(Material provided):
* * * * *

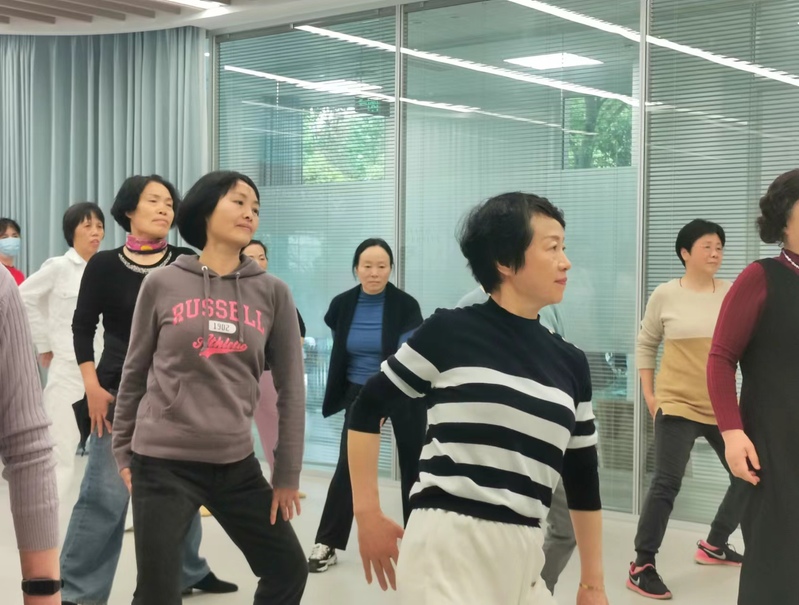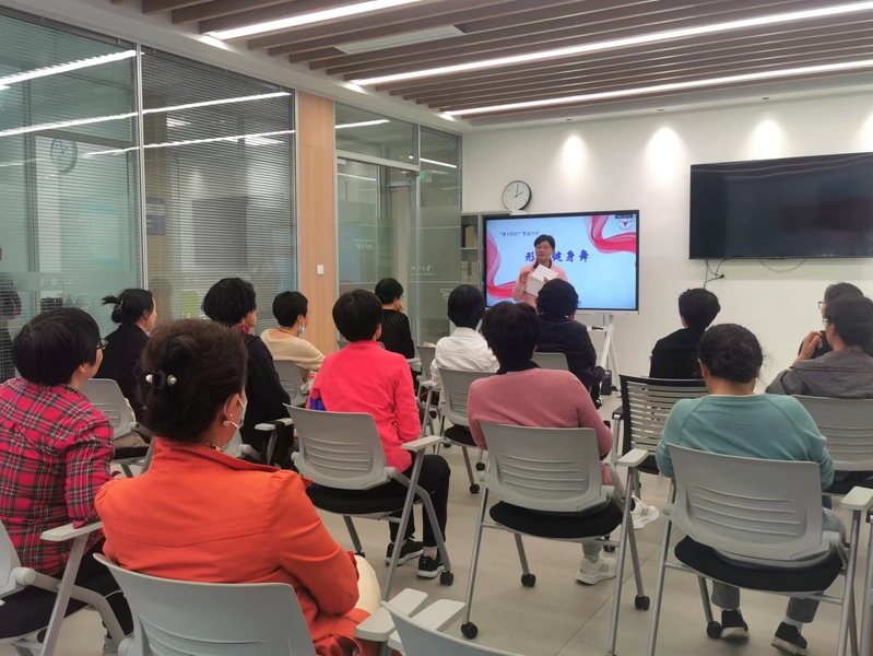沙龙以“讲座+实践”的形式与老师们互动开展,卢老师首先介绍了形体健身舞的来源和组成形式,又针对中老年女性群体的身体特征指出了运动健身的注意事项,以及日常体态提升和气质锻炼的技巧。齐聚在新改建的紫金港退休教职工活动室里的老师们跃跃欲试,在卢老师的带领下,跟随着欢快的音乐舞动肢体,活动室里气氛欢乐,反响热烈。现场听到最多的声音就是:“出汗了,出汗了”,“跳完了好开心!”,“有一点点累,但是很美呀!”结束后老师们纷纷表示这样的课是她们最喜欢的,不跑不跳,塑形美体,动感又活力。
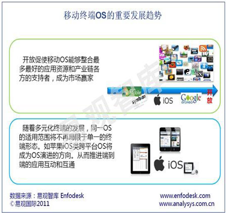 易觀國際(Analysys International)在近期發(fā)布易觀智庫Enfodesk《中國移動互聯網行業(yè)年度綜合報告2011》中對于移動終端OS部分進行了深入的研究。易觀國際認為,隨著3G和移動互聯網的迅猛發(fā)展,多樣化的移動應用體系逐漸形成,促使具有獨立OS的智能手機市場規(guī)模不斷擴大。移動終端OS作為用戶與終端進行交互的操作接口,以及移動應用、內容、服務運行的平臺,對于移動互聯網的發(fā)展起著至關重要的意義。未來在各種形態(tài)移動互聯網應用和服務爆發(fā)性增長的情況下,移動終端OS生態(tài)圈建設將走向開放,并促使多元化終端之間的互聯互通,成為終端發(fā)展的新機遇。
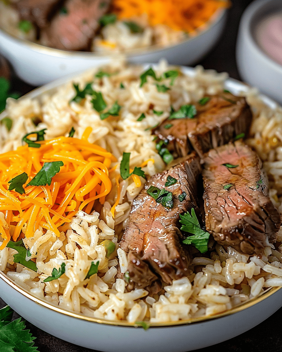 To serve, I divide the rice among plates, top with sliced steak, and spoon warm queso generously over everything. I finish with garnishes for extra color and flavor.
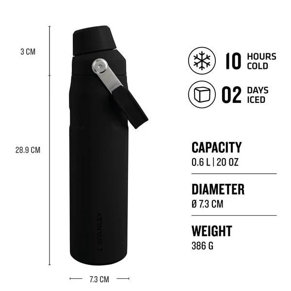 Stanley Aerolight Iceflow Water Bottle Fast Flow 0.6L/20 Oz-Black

* * * * *

(Task to complete):
The aim is an exact repeat of the entire listing, stripped of pictures.

(Output):
沙龙以“讲座+实践”的形式与老师们互动开展,卢老师首先介绍了形体健身舞的来源和组成形式,又针对中老年女性群体的身体特征指出了运动健身的注意事项,以及日常体态提升和气质锻炼的技巧。齐聚在新改建的紫金港退休教职工活动室里的老师们跃跃欲试,在卢老师的带领下,跟随着欢快的音乐舞动肢体,活动室里气氛欢乐,反响热烈。现场听到最多的声音就是:“出汗了,出汗了”,“跳完了好开心!”,“有一点点累,但是很美呀!”结束后老师们纷纷表示这样的课是她们最喜欢的,不跑不跳,塑形美体,动感又活力。
 易觀國際(Analysys International)在近期發(fā)布易觀智庫Enfodesk《中國移動互聯網行業(yè)年度綜合報告2011》中對于移動終端OS部分進行了深入的研究。易觀國際認為,隨著3G和移動互聯網的迅猛發(fā)展,多樣化的移動應用體系逐漸形成,促使具有獨立OS的智能手機市場規(guī)模不斷擴大。移動終端OS作為用戶與終端進行交互的操作接口,以及移動應用、內容、服務運行的平臺,對于移動互聯網的發(fā)展起著至關重要的意義。未來在各種形態(tài)移動互聯網應用和服務爆發(fā)性增長的情況下,移動終端OS生態(tài)圈建設將走向開放,并促使多元化終端之間的互聯互通,成為終端發(fā)展的新機遇。
 To serve, I divide the rice among plates, top with sliced steak, and spoon warm queso generously over everything. I finish with garnishes for extra color and flavor.
 Stanley Aerolight Iceflow Water Bottle Fast Flow 0.6L/20 Oz-Black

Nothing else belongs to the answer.